Biographie

Mit der Geige fängt alles an

Die gebürtige Schweizerin findet ihren Weg zum Gesang über ein Geigenstudium bei Aida Piraccini-Stucki (der Lehrerin von Anne-Sophie Mutter), das sie mit Orchester- und Konzertexamen abschließt.

Die Liebe zum Singen beginnt schon als kleines Kind und setzt sich über die gesamte Schulzeit und dem Geigenstudium fort mit Chorsingen in einem Laien- sowie einem professionellen Chor. Im Extrachor des Zürcher Opernhauses fallen dann die Würfel zu einem neuen Studium.

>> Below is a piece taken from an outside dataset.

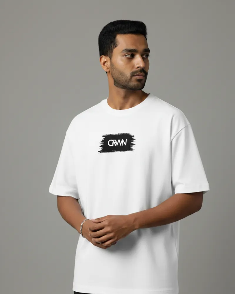 Oversized CRWN Printed T-Shirt – White, Artistic Modern Design
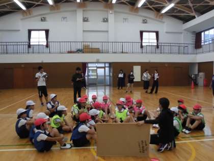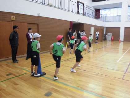 4−2で、体育の研究授業をしました。講師として、元大東市内小学校の校長先生で、大東市の授業力向上学校支援チーム員の先生をお招きして、ご指導いただきました。単元は、「リレー」。チームごとに、バトンパスの練習をして、少しでもタイムが縮まるように工夫していました。

Als Sängerin wird sie von Prof. Judith Beckmann an der Hochschule für Musik und Theater in Hamburg ausgebildet, wirkt in dieser Zeit beim Chor des NDR Hamburg mit und schließt das Studium mit Auszeichnung ab.

 

 

Stationen

Ihr erstes Engagement führt Gabriela Künzler nach Bielefeld zu John Dew.

Über Stationen an den Städtischen Bühnen von Krefeld/Mönchengladbach und Münster kommt sie 1990 an das Hessische Staatstheater Wiesbaden, wo die Mezzosopranistin als langjähriges Ensemblemitglied eine Fülle von unterschiedlichen Rollen singt. In der freiberuflichen Zeit zwischen 2005 -2010 gastiert sie an verschiedenen Opernhäusern, u.a. in Halle, Frankfurt a.Main, in Görlitz, Düsseldorf und Karlsruhe; sie gibt Gesangsworkshops und Einzelunterricht, leitet den Vhs - Chor und bald darauf einen eigenen Kammerchor in Wiesbaden.

Seit 2012 gehört die Sängerin, die im klassischen Lied wie im Chanson gleichermassen zu Hause ist, die im Musical wie in der Oper den Rollen ihren prägnanten Charakter verleiht, zum Ensemble des Landestheaters Coburg. Sie war die Lola in G.Kreislers Lola Blau, die Czipra im Zigeunerbaron, die María in Piazollas María de Buenos Aires, die Ulrica in Verdis Maskenball, die Norma Desmon in Sunset Boulevard, die Herodias in Strauss'Salome, Marcellina in Figaros Hochzeit und v.a.m.

Unter der website www.landestheater-coburg.de finden Sie auch die Vorstellungstermine.

 

 

Stimmliche Entwicklung

Am Anfang ihrer Karriere stehen wichtige Rollen des lyrischen Fachs wie Cherubino, Hänsel, Rosina und Cenerentola.

Im Bereich der Barockoper bestreitet sie unter anderem den Nerone in Monteverdis Krönung der Poppea sowie die drei Titelpartien in einer überregional beachteten Händel-Trilogie, die auch als CD-Produktion erhältlich ist: Oreste, Rinaldo und Xeres.

Mit Partien wie Octavian im Rosenkavalier und Elisabetta in Maria Stuarda sowie Carmen, in der sie über mehrere Spielzeiten hin einen nachhaltigen Erfolg verzeichnete, mit Giulietta in Hoffmanns Erzählungen und Donna Elvira in Don Giovanni, vergrößert die Sängerin ihr stimmliches Spektum.

In den letzten Jahren erweiterte sie ihr Fach in Richtung dramatischer Mezzosopran und erarbeitet sich die Partie der Fricka in Die Walküren, der Kundry in Parsifal, sowie die Partie der Marie in Wozzeck.